Bear with me on this one. My Alpaca Timothy seems to have a problem. Take him to a vet I hear you say; well i don't think it's as simple as that Dreary. Let me explain. It all started on the day I had decided to go fishing. I was sat on the riverbank, my rod dangling in the reedbeds, when i noticed Timothy doing exactly the same thing from the opposite bank. Then the other day i was merrily minding my own business, taking a dump in the corner of the lower field, when Timmy trundled over and did exactly the same thing.
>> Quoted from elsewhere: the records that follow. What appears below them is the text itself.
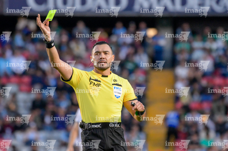 Querétaro, Querétaro, 7 de febrero de 2026. Marco Antonio Ortiz, árbitro central muestra tarjeta amarilla de amonestación, durante el partido correspondiente a la jornada 5 del torneo Clausura 2026 de la Liga BBVA MX, entre los Gallos Blancos del Querétaro y los Esmeraldas del León, realizado en el estadio La Corregidora. Foto: Imago7/ Duilio Muñoz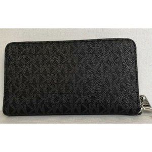New Michael Kors Jet Set Travel Large Flat Phone Case Logo Wallet Black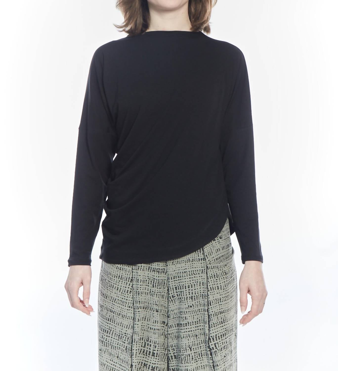 Caimento perfeito, design charmoso, tecido macio. Você vai adorar tudo nesta camiseta de manga comprida. A Blusa de Manga Longa Luna da Matthildur é uma peça essencial e refinada, com mangas longas e um sofisticado decote canoa. Confeccionada em lycra de algodão peruano premium, oferece um caimento relaxado acentuado por franzidos drapeados para um efeito assimétrico. Este modelo, em preto atemporal, é perfeito para looks versáteis e elegantes. Cuidados: Lavar à máquina e secar na secadora. A modelo tem 1,68 m e veste tamanho XS.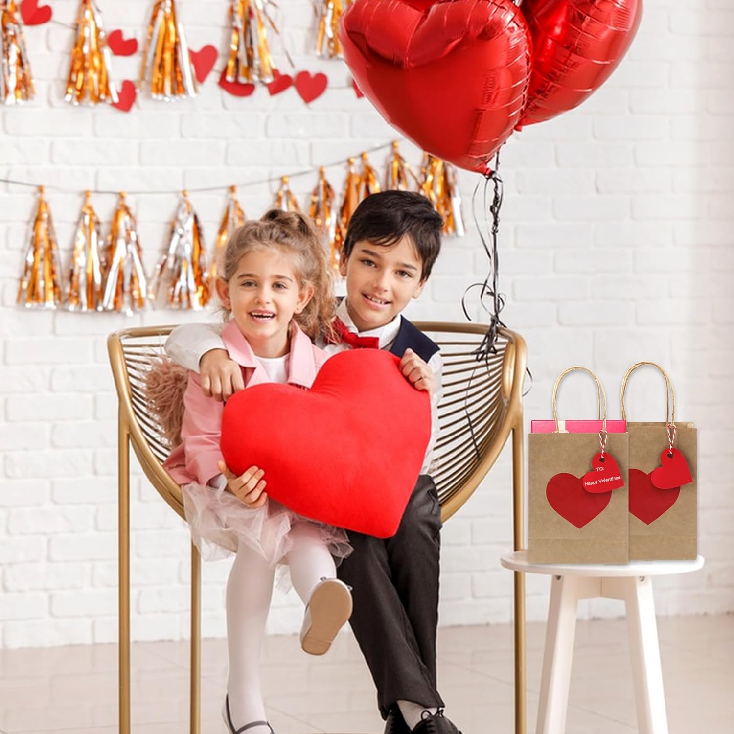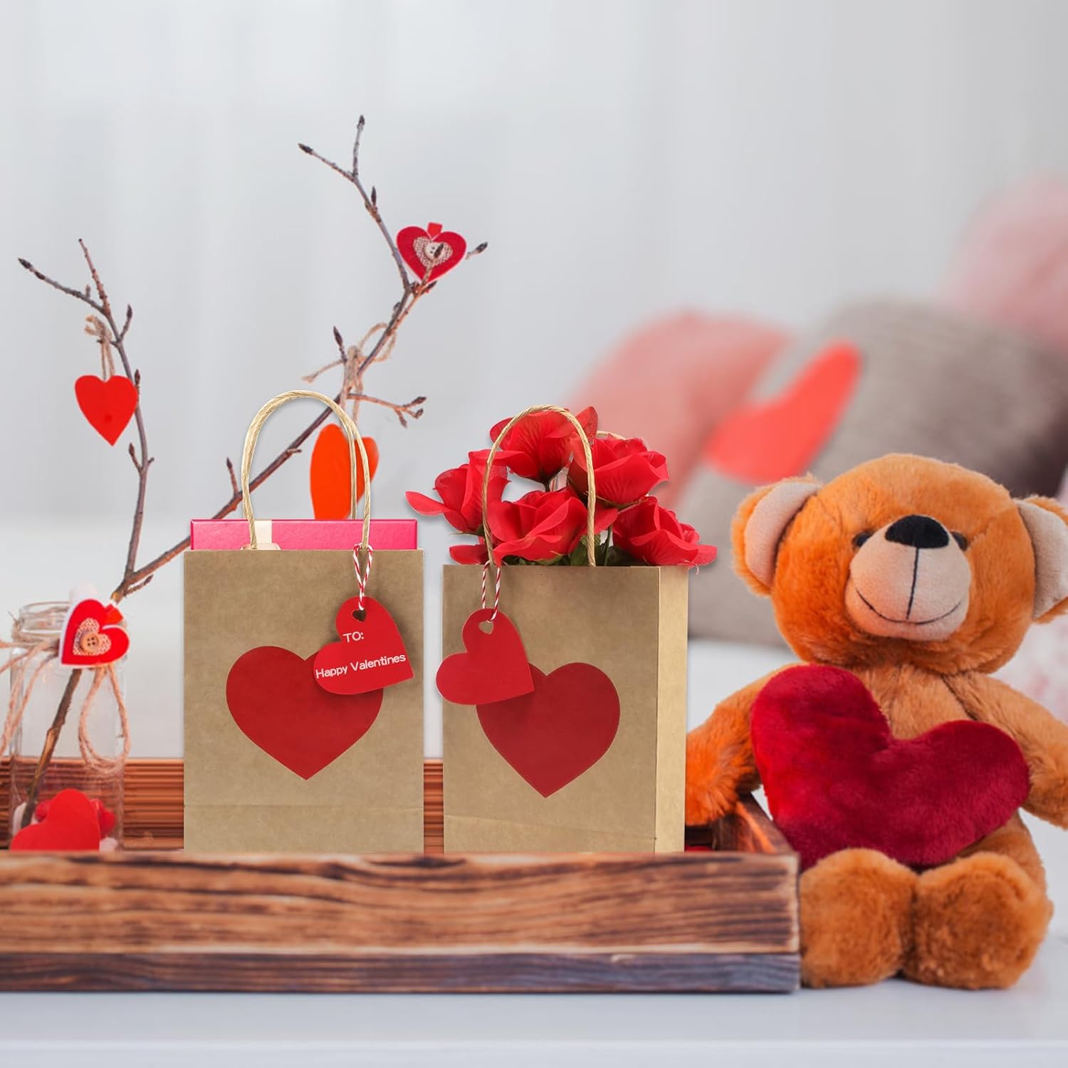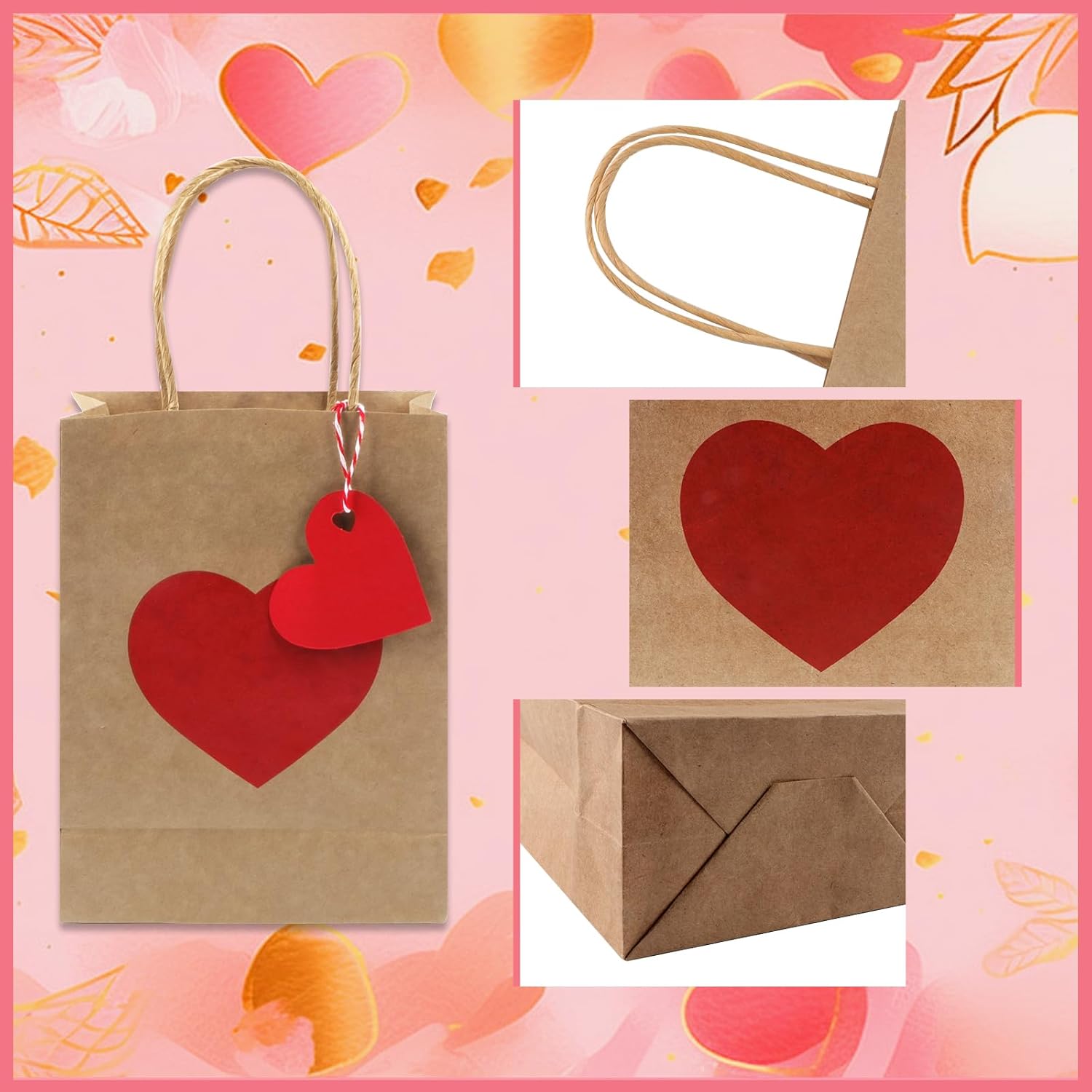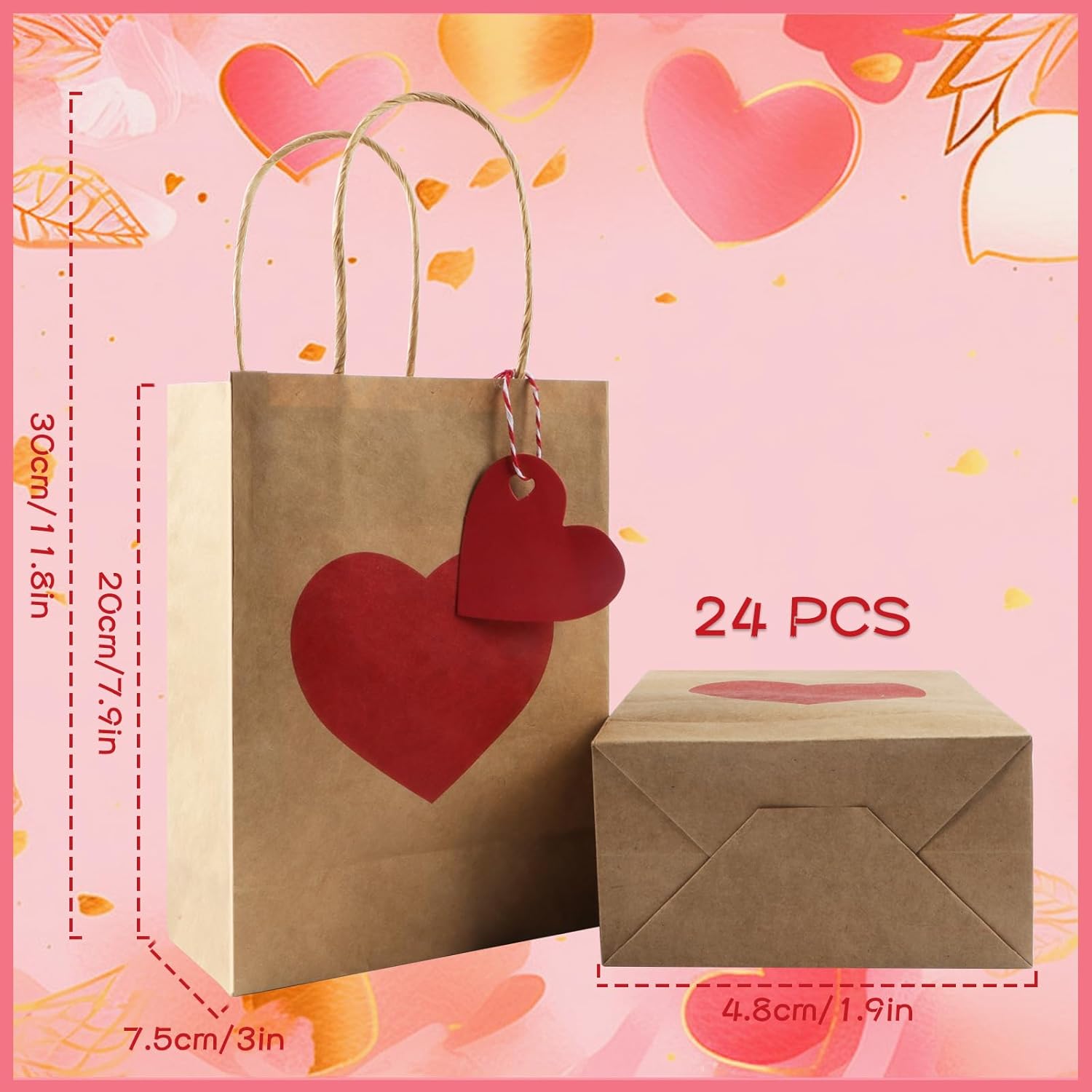 Sacchetti regalo di San Valentino: riceverai 24 sacchetti regalo di San Valentino, un rotolo di spago rosso e bianco e ogni sacchetto di carta kraft viene fornito con un'etichetta rossa a forma di cuore. Questi accessori rendono il tuo regalo più squisito e bello Design classico alla moda: questo sacchetto regalo di carta per San Valentino è dotato di un manico e il centro della borsa è stampato con un bellissimo motivo rosso a forma di cuore, che si abbina perfettamente alla classica carta kraft marrone. Dimensioni perfette: la lunghezza di ogni sacchetto di carta per San Valentino è di circa 15 cm, la larghezza è di 7,5 cm e l'altezza è di circa 20 cm (esclusi i manici). La dimensione dell'etichetta è di 5 cm e la lunghezza della corda è di 2,4 metri. Materiale di alta qualità: il sacchetto di carta di San Valentino è realizzato in carta kraft spessa di alta qualità, robusta e durevole, con stampa trasparente. Ogni sacchetto di carta ha due robuste maniglie che possono essere riutilizzate. Occasioni applicabili: i sacchetti di carta kraft di San Valentino possono essere utilizzati per feste di San Valentino, festa della mamma, matrimoni, addio al nubilato, feste di fidanzamento, feste di compleanno, anniversari. Questo sacchetto di carta kraft con amore a forma di cuore può contenere perfettamente gioielli, profumi, portafogli, cinture, ecc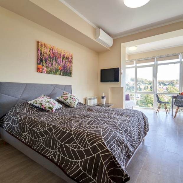Апартаменты Fancy Studio располагаются в Сочи. На первом этаже дома есть продуктовый магазин. Центральная набережная находится в 1,63 км, дендрарий — в 1,29 км, а музей «Дерево дружбы» — в 450 м. В 800 м от дома начинается терренкур «Тропа здоровья», который тянется на 4,5 км вдоль моря в сторону Мацесты. Апартаменты вмещают до 4 взрослых и 2 детей (с доплатой). В гостиной установлены двуспальная кровать 160×200 см и два дивана-кровати 140×200 см. Из панорамных окон открывается вид на лес и горы. Балкона нет. Имеются необходимые удобства от фена до посудомойки и стиральной машины. Есть кондиционер, а также плотные ролл-шторы.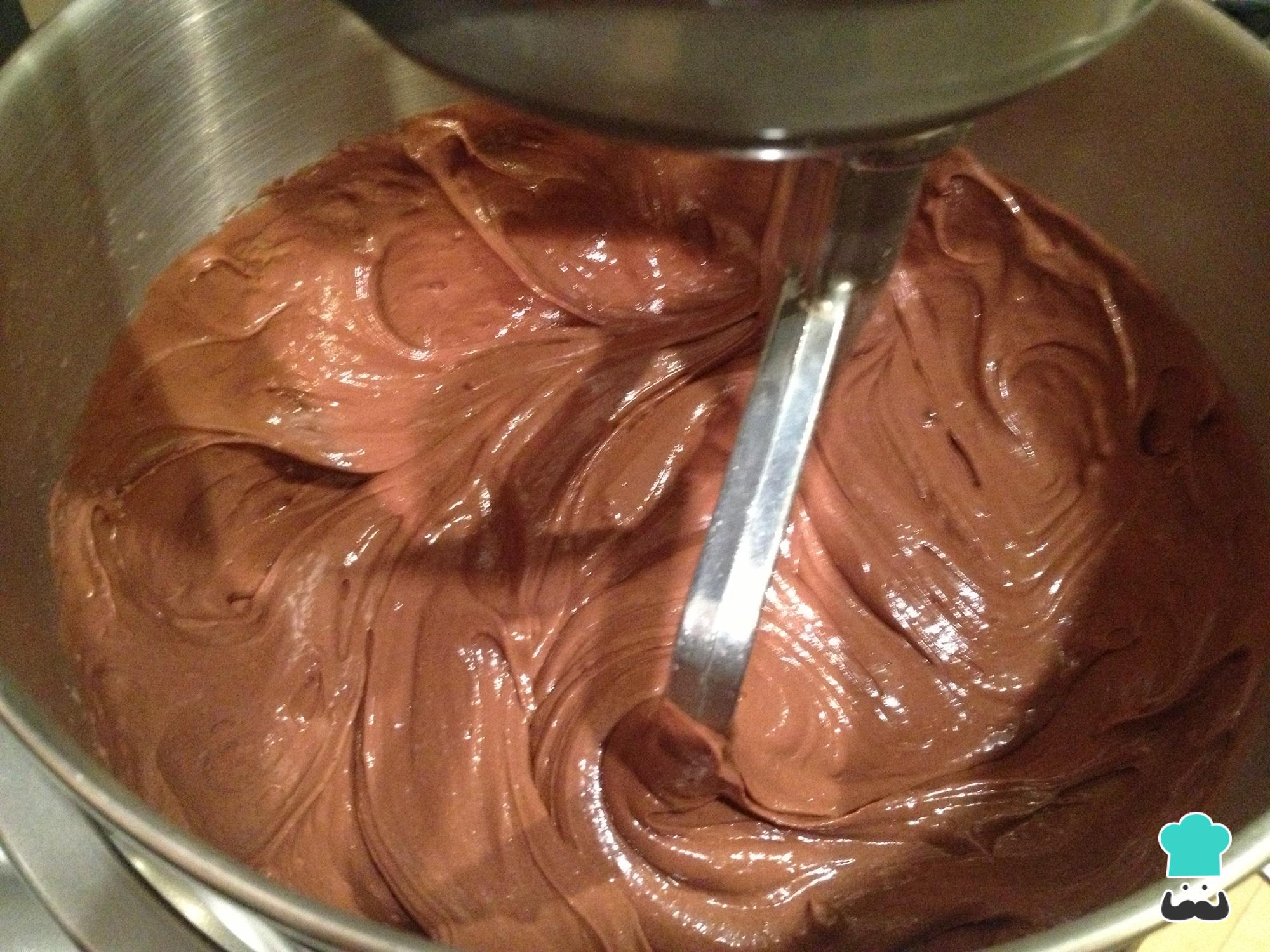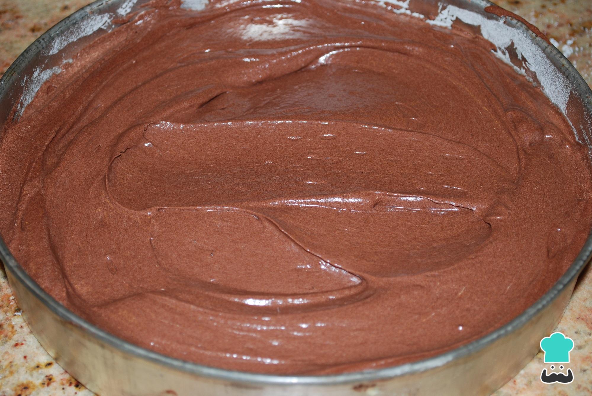 Coloque a massa deste bolo de chocolate numa forma de bolo untada e enfarinhada, e leve a assar no forno preaquecido a 180ºC por cerca de 30 minutos.
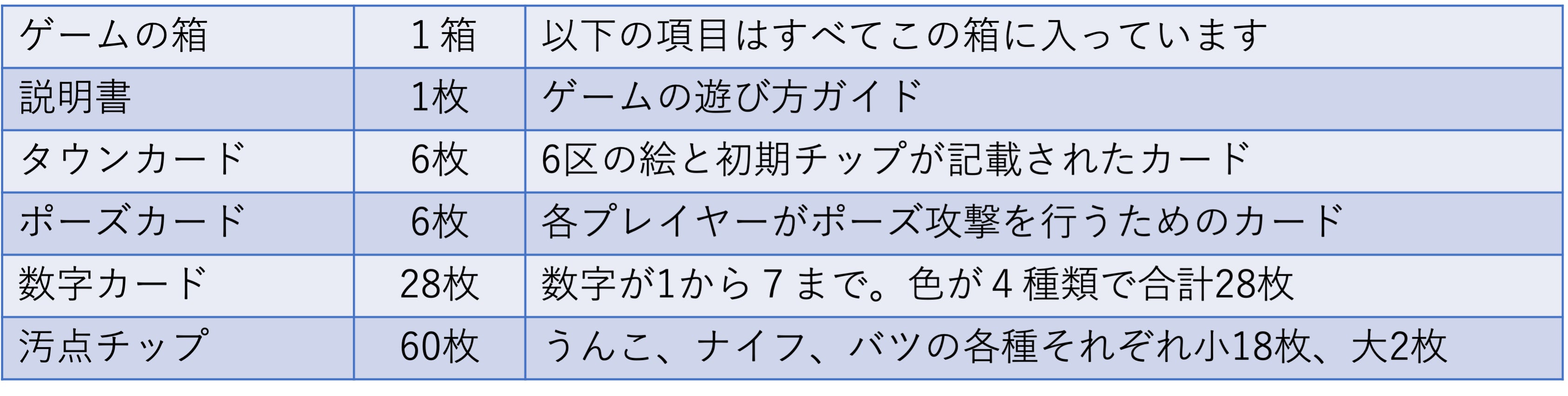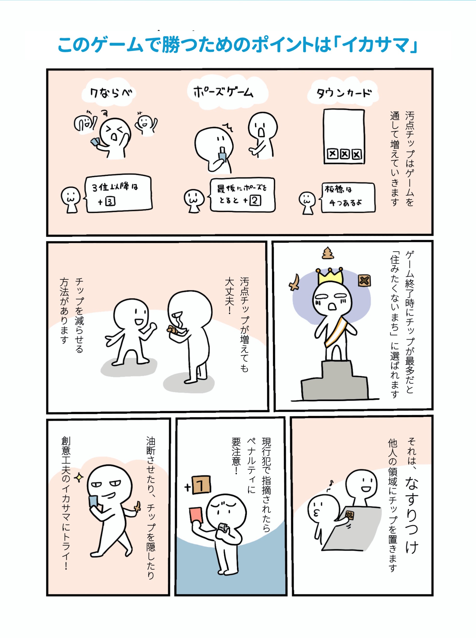 各プレイヤーはこの6区いずれかの代表となり、もっている分だけマイナス点になる「汚点チップ」をなるべく所有しないよう立ち回ります。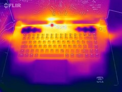 De palmsteunen blijven ook koel onder belasting. Er ontstaan echter hete plekken tot 56 °C, vooral aan de onderkant in het midden richting het beeldscherm. Er zijn concurrenten die het iets koeler houden, maar ook de Alienware blijft niet achter; minstens één apparaat (Aorus 17) bereikt vergelijkbare temperaturen.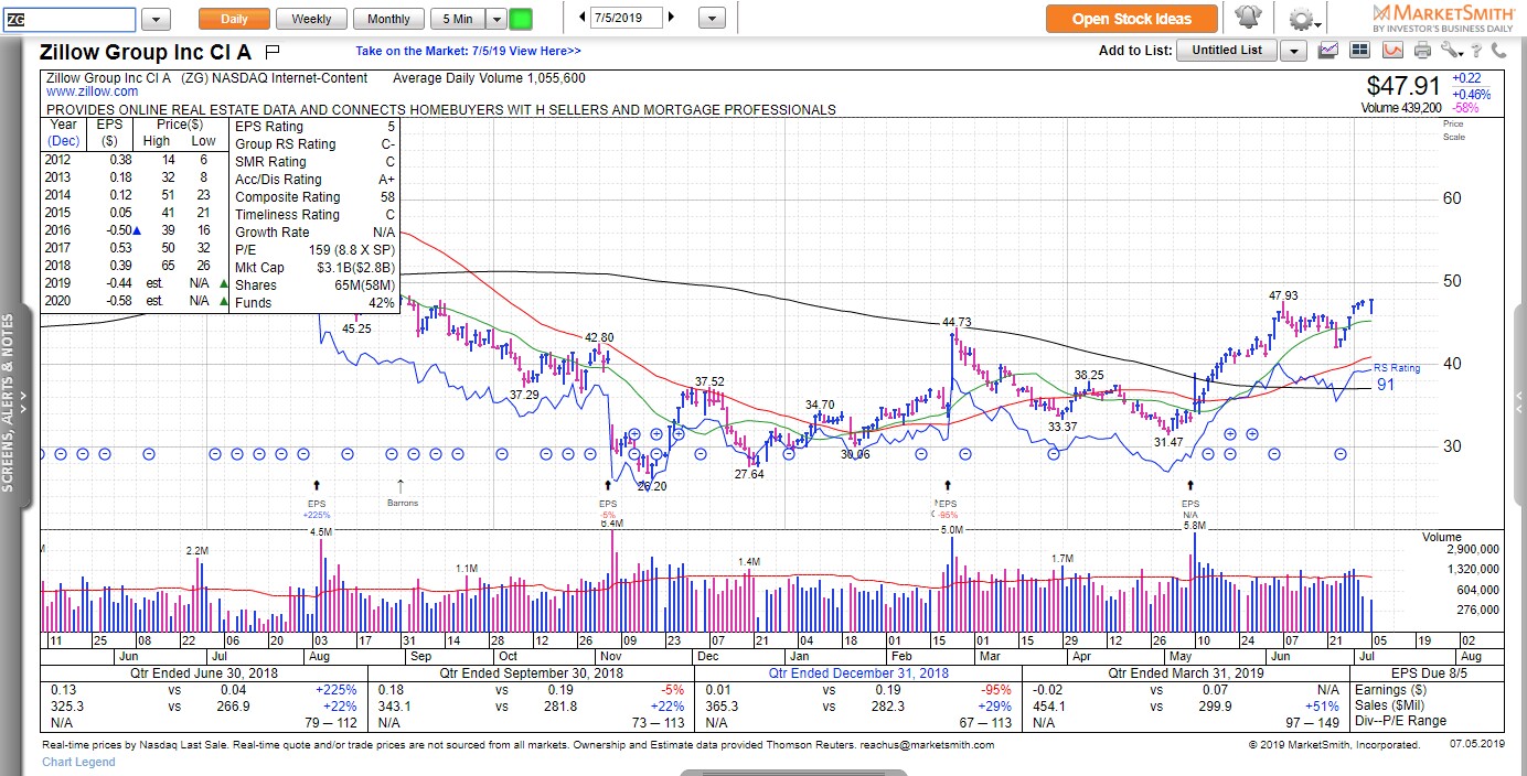 2) Zillow is an online real estate company (Class C shares are symbol: Z, Class A shares are: ZG). One of their original founders returned as CEO earlier this year and the company is venturing into many new verticals. (QUICK NOTE: With all these ideas, if you’re interested in taking a position, I encourage you to put in some work and do your own research). Its accelerating revenue growth, bullish option activity and very sharp insider buying are some of the reasons I like this stock.

I assumed at first that this was merely a coincidence, but then the following day i was
sunbathing under the old beech tree in the paddock when he also came over, lay back, legs akimbo, luxuriating like myself in the splendour of having the warm sun on his tackle. What surprised me was his ability to masturbate. At least i have hands! But why would he want to copy my actions all the time? Is he just lonely? Can animals have mental health issues? Soon after, i allowed my two favourite ewes, Kylie and Brittany, into the field to graze. Well, to cut a long and messy story short, boys will be boys Dreary! There's no excuse i know, but just let me know if you'd be interested in seeing the photos. I have even discovered that becoming so close to Timothy has inspired me to speak Alpacan and that he and I can hold a conversation! It's brilliant to be able to discuss the previous night's telly with him or what he wants to do at the weekend. By the way, regarding the matter i wrote to you about a while back, you'll no doubt be pleased to know that i am now down to 10 pints of Old Rosie a day, and the doc reckons that the illusions should soon become less frequent and that i may yet avoid the stigma of the psychie ward. What do you think?
Yours, Dr.Doodoodoodedadada-Little, Funny Farm, Pratts Bottom.

Dr Do.
To be honest you're better off sticking to Old Rosie and passing the time of day with your farm yard friends. It beats living in the real world.
When I lived out in India as a child, back in the days of the Raj, I often remember taking granddads 'firewater' down the bottom of the garden where he lived with a family of antelope. I'd spend hours watching them chase each other, talking about the periodic table and hiding from space men.
Then I'd return to the house to go upstairs onto the roof to pass old granny her sour mash bourbon and watch her fly with the vultures discussing amongst other things, crop rotation and the invention of the spinning Jenny.
Beats writing this shit for a living.
Dreary. x


Thanks dear, i was coming to that cmclusion anymay to be honest. Never knew they had antelope in India though. Interesting. Are you sure they were'nt Bombay Onyx?